**EXERCISE AIM**
Your task is to transcribe the lines from the start of the data below through the line containing "2010 - 2011年的部署", inclusive, exactly as they stand and without the pictures.
RECORDED INFORMATION section start
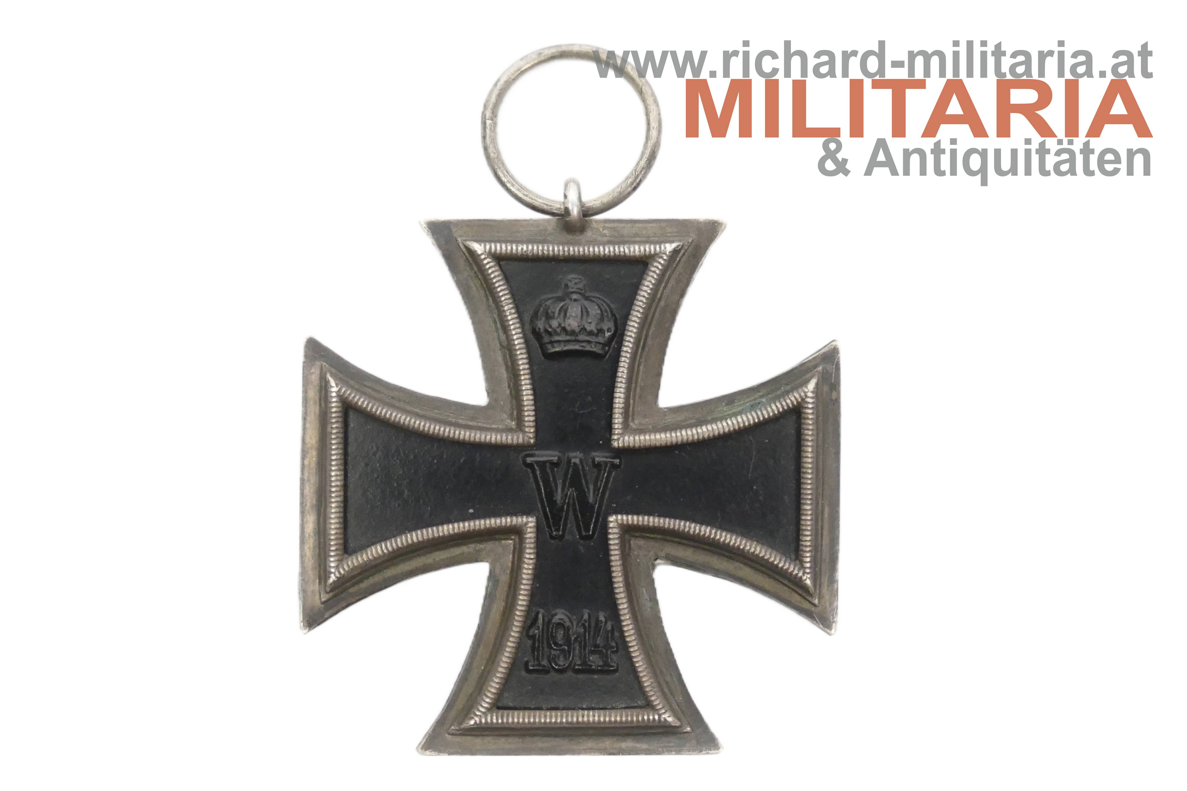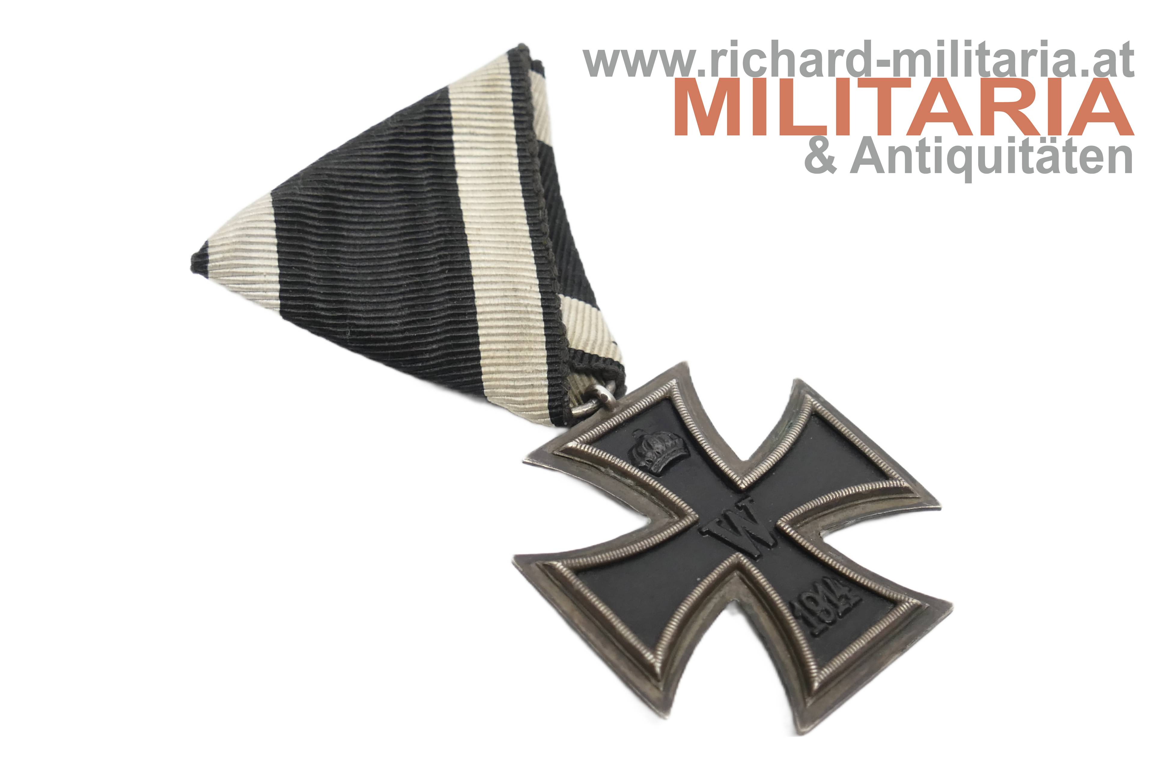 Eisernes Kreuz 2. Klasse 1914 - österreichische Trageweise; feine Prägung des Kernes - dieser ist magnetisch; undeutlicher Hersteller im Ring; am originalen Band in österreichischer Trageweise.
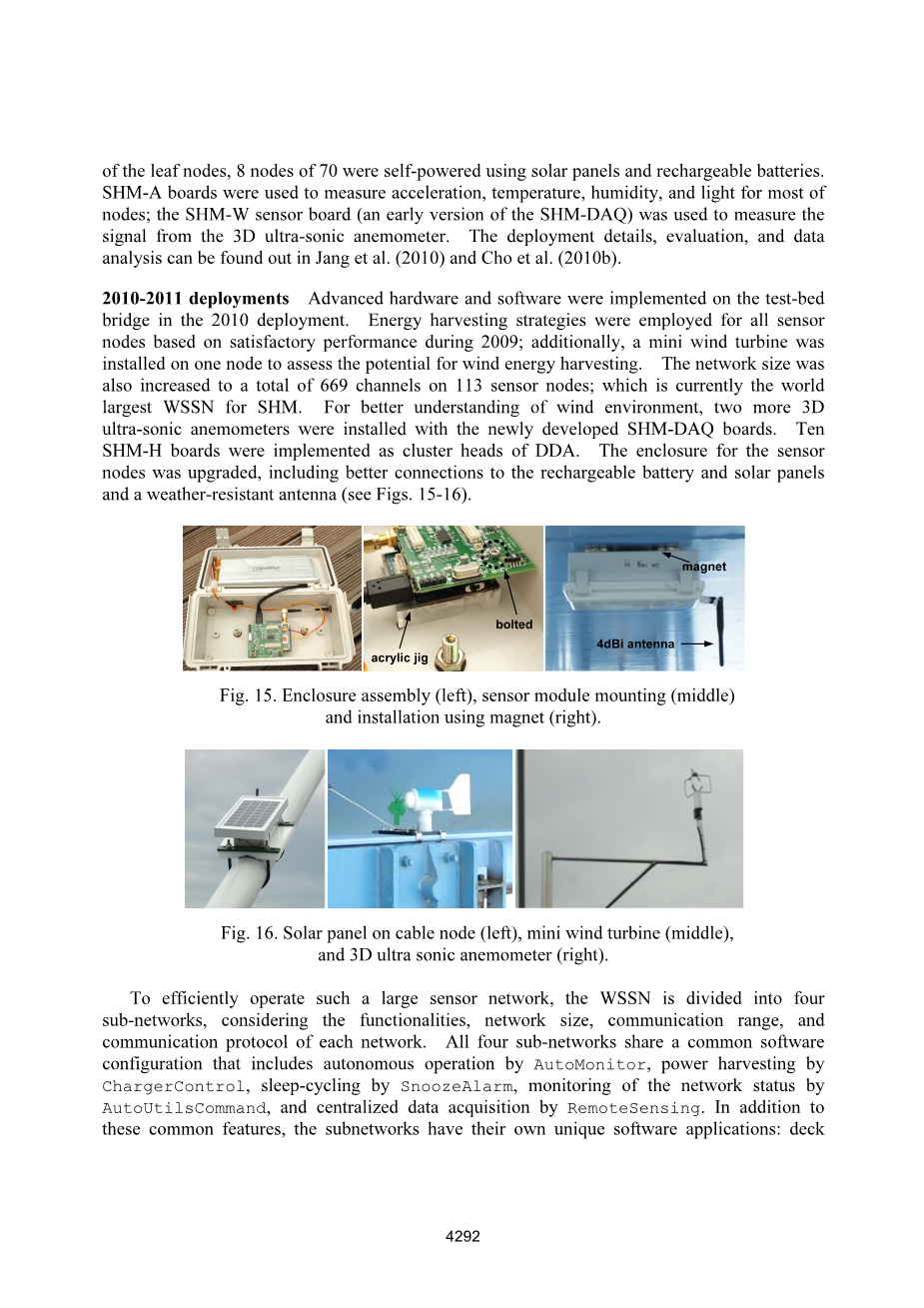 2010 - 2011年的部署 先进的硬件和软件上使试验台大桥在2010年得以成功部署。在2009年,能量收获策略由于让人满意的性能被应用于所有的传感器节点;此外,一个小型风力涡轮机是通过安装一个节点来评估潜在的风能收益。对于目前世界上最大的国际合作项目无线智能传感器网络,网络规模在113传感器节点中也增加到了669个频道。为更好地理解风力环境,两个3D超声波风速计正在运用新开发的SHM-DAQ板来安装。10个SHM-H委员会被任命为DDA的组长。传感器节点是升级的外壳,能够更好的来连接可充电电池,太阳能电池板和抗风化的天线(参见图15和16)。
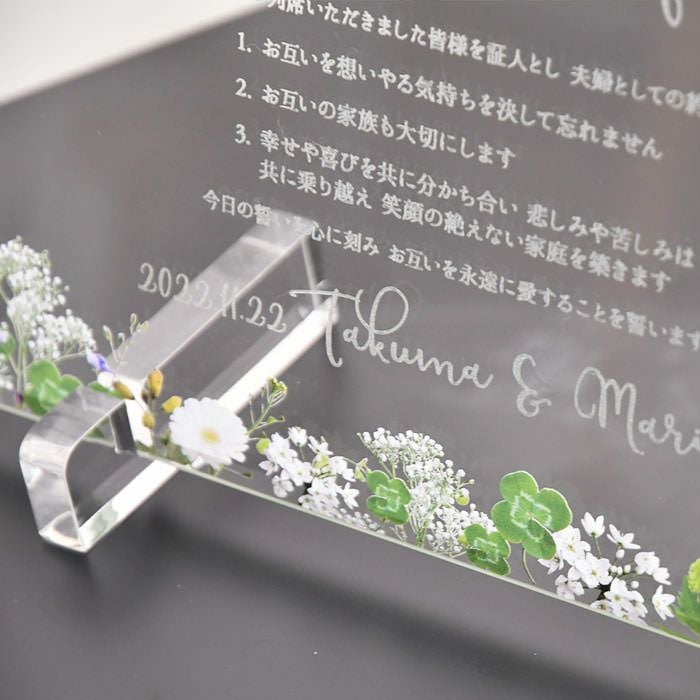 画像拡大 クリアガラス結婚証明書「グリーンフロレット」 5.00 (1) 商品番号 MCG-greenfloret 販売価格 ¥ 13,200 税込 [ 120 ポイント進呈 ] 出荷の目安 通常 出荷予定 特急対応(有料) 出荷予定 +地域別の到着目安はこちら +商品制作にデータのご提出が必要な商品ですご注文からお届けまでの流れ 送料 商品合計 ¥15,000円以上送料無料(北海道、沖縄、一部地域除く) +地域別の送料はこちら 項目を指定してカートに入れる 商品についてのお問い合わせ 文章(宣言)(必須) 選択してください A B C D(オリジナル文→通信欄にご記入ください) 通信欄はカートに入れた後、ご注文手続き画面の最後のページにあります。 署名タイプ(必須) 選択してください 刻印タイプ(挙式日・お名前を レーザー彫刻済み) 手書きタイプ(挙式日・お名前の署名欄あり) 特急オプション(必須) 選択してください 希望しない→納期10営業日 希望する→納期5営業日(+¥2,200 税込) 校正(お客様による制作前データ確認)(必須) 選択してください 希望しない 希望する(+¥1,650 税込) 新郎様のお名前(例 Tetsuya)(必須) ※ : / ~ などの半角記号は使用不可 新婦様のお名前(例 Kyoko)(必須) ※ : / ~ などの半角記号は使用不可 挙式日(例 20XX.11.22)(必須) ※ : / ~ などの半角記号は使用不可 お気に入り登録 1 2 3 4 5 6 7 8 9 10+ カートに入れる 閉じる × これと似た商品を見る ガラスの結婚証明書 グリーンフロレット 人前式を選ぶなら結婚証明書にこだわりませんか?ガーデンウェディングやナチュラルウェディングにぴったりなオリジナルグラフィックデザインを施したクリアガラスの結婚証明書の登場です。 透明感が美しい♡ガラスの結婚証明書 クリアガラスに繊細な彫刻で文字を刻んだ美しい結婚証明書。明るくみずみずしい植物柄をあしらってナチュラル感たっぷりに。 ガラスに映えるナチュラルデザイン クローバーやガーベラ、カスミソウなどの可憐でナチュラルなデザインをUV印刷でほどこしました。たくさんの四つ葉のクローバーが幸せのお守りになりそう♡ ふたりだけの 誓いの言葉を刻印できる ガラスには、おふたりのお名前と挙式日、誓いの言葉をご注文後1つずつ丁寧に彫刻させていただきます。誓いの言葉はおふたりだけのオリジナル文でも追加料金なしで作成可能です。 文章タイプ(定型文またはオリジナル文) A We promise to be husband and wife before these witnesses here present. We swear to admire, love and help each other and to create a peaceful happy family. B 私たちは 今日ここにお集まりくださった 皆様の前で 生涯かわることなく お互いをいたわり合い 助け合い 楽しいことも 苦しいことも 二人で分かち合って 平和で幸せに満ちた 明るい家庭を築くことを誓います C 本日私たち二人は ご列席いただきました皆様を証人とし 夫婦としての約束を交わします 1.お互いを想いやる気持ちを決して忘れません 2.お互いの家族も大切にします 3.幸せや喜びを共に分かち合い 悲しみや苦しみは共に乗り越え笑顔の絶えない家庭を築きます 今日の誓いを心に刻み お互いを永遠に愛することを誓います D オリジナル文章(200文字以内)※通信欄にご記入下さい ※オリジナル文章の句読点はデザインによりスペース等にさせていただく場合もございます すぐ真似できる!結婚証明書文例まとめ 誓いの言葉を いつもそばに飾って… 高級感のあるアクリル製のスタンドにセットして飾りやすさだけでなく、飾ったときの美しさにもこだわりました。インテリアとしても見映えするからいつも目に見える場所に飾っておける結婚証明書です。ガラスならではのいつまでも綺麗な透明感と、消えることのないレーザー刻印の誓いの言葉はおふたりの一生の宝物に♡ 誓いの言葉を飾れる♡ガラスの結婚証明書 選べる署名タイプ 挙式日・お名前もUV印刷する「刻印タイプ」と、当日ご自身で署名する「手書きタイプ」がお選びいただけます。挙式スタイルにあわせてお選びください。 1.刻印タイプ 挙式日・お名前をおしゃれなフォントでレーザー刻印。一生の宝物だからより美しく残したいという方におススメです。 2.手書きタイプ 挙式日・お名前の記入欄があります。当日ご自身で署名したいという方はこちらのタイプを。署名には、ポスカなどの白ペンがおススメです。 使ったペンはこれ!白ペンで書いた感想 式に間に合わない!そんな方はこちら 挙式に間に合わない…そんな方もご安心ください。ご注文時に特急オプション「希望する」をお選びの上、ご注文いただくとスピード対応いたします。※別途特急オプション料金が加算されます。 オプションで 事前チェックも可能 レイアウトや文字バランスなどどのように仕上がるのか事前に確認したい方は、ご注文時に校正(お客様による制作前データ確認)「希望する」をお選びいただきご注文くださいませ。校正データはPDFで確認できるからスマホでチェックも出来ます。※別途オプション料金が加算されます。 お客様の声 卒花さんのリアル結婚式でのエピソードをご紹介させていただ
RECORDED INFORMATION section end
**ANSWER BOX**
 Eisernes Kreuz 2. Klasse 1914 - österreichische Trageweise; feine Prägung des Kernes - dieser ist magnetisch; undeutlicher Hersteller im Ring; am originalen Band in österreichischer Trageweise.
 2010 - 2011年的部署 先进的硬件和软件上使试验台大桥在2010年得以成功部署。在2009年,能量收获策略由于让人满意的性能被应用于所有的传感器节点;此外,一个小型风力涡轮机是通过安装一个节点来评估潜在的风能收益。对于目前世界上最大的国际合作项目无线智能传感器网络,网络规模在113传感器节点中也增加到了669个频道。为更好地理解风力环境,两个3D超声波风速计正在运用新开发的SHM-DAQ板来安装。10个SHM-H委员会被任命为DDA的组长。传感器节点是升级的外壳,能够更好的来连接可充电电池,太阳能电池板和抗风化的天线(参见图15和16)。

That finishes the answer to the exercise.